SUPPLIED INFORMATION:
* * * * * * * * *

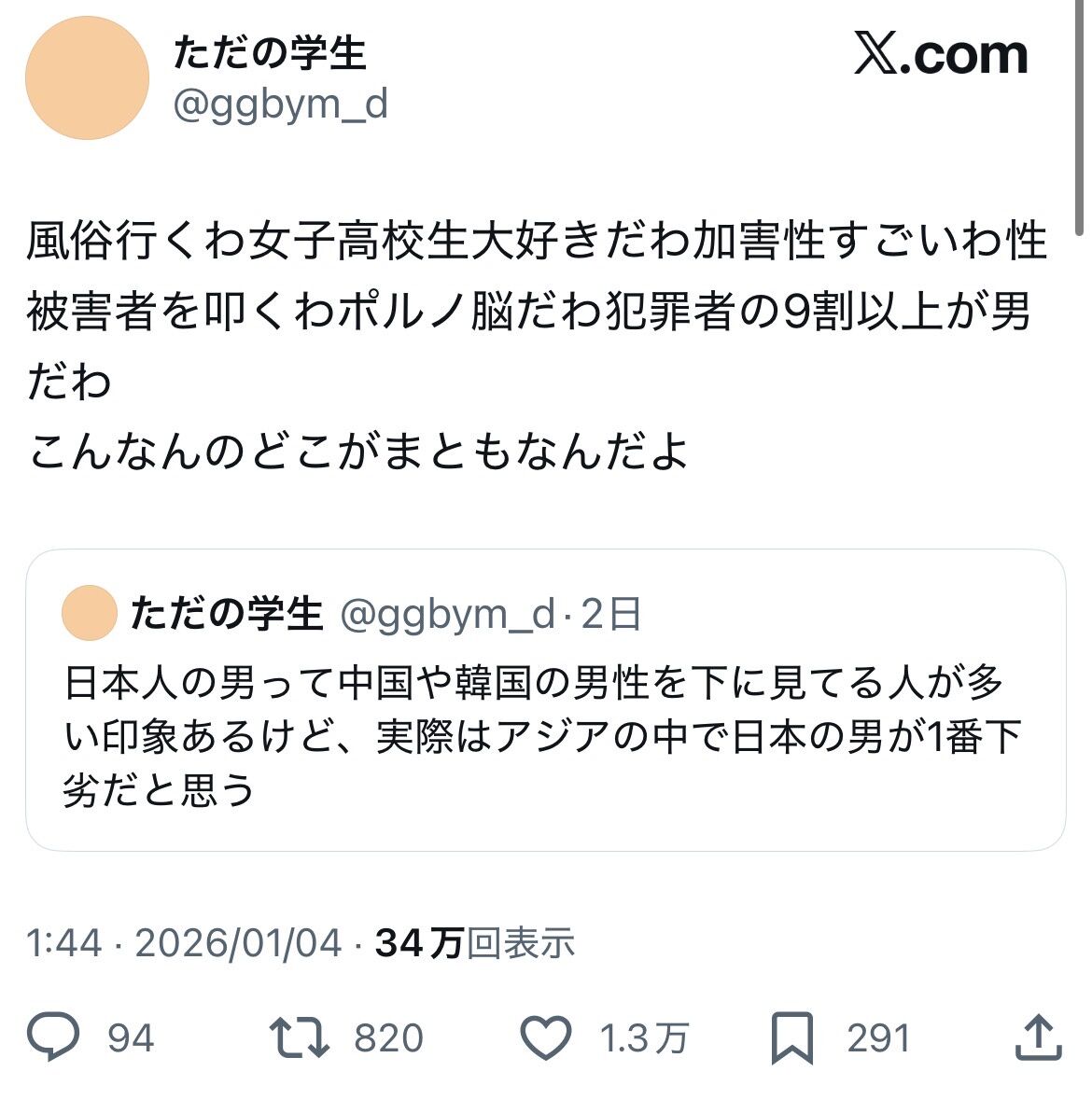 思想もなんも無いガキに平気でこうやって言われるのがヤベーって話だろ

* * * * * * * * *

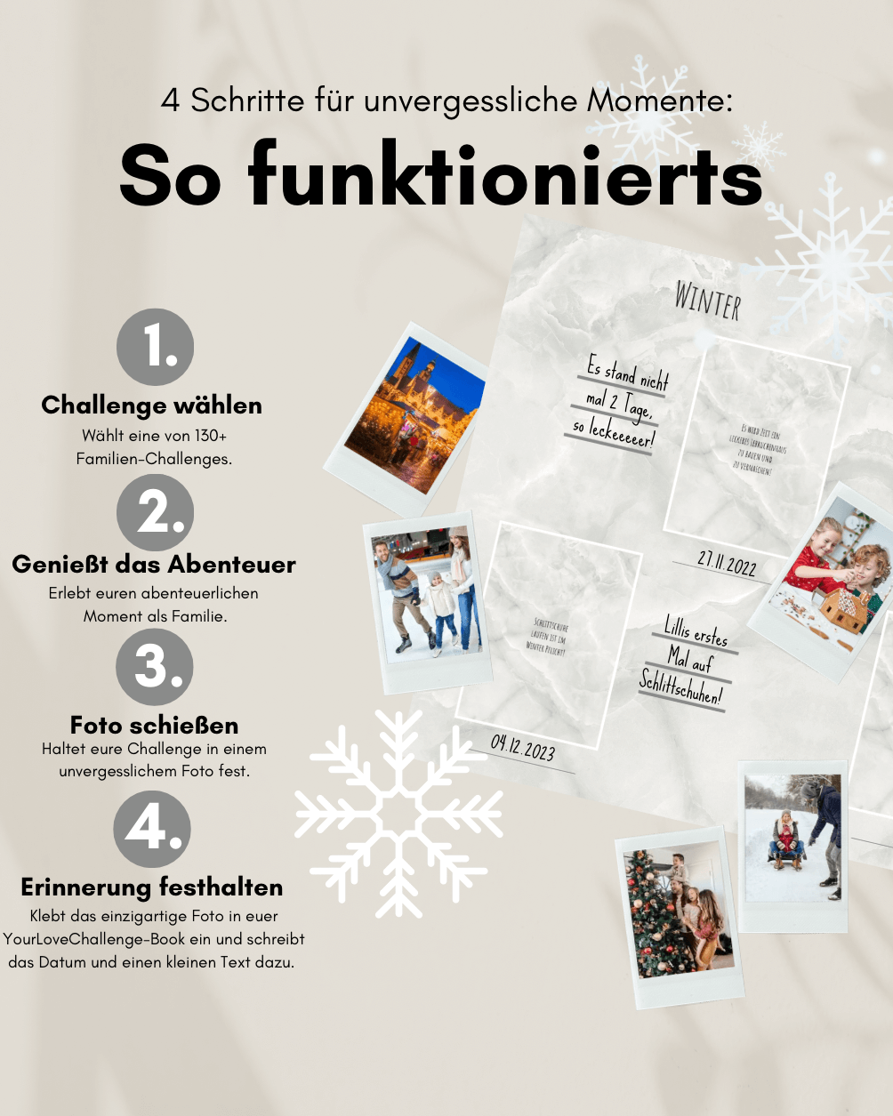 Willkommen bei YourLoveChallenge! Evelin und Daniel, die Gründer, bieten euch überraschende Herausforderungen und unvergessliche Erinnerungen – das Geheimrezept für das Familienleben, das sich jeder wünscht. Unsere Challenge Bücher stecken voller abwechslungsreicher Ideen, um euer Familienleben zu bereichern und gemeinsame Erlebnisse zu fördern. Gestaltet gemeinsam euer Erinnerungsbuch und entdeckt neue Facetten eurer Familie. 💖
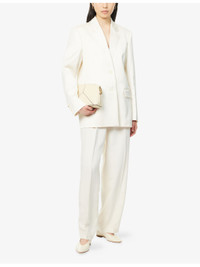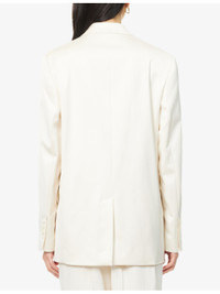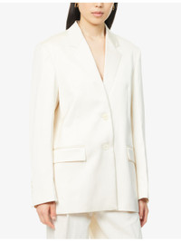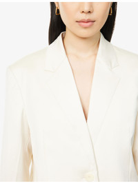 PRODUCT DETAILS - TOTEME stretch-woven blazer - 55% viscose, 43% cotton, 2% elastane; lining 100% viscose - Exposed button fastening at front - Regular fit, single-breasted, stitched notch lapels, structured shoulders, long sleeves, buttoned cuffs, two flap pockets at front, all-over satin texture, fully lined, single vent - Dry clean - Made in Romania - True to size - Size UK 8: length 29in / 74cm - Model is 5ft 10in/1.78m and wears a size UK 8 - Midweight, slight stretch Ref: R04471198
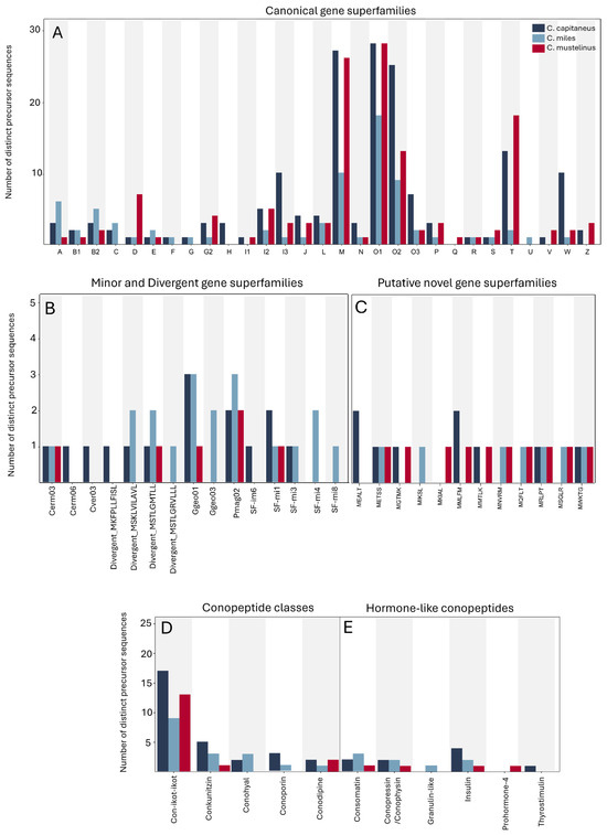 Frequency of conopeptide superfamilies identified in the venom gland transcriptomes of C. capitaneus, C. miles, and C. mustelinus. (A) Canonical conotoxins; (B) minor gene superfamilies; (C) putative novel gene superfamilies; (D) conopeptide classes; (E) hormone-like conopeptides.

* * * * * * * * *

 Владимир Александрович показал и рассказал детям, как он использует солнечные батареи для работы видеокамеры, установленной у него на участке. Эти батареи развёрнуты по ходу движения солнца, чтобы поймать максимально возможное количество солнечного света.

* * * * * * * * *

EXERCISE AIM: From the records above, write out exactly the lines that begin at the line with "Willkommen bei YourLoveChallenge!" and end at the line with "PRODUCT DETAILS - TOTEME". Pictures must not appear in the output.

FINISHED TASK:
 Willkommen bei YourLoveChallenge! Evelin und Daniel, die Gründer, bieten euch überraschende Herausforderungen und unvergessliche Erinnerungen – das Geheimrezept für das Familienleben, das sich jeder wünscht. Unsere Challenge Bücher stecken voller abwechslungsreicher Ideen, um euer Familienleben zu bereichern und gemeinsame Erlebnisse zu fördern. Gestaltet gemeinsam euer Erinnerungsbuch und entdeckt neue Facetten eurer Familie. 💖
 PRODUCT DETAILS - TOTEME stretch-woven blazer - 55% viscose, 43% cotton, 2% elastane; lining 100% viscose - Exposed button fastening at front - Regular fit, single-breasted, stitched notch lapels, structured shoulders, long sleeves, buttoned cuffs, two flap pockets at front, all-over satin texture, fully lined, single vent - Dry clean - Made in Romania - True to size - Size UK 8: length 29in / 74cm - Model is 5ft 10in/1.78m and wears a size UK 8 - Midweight, slight stretch Ref: R04471198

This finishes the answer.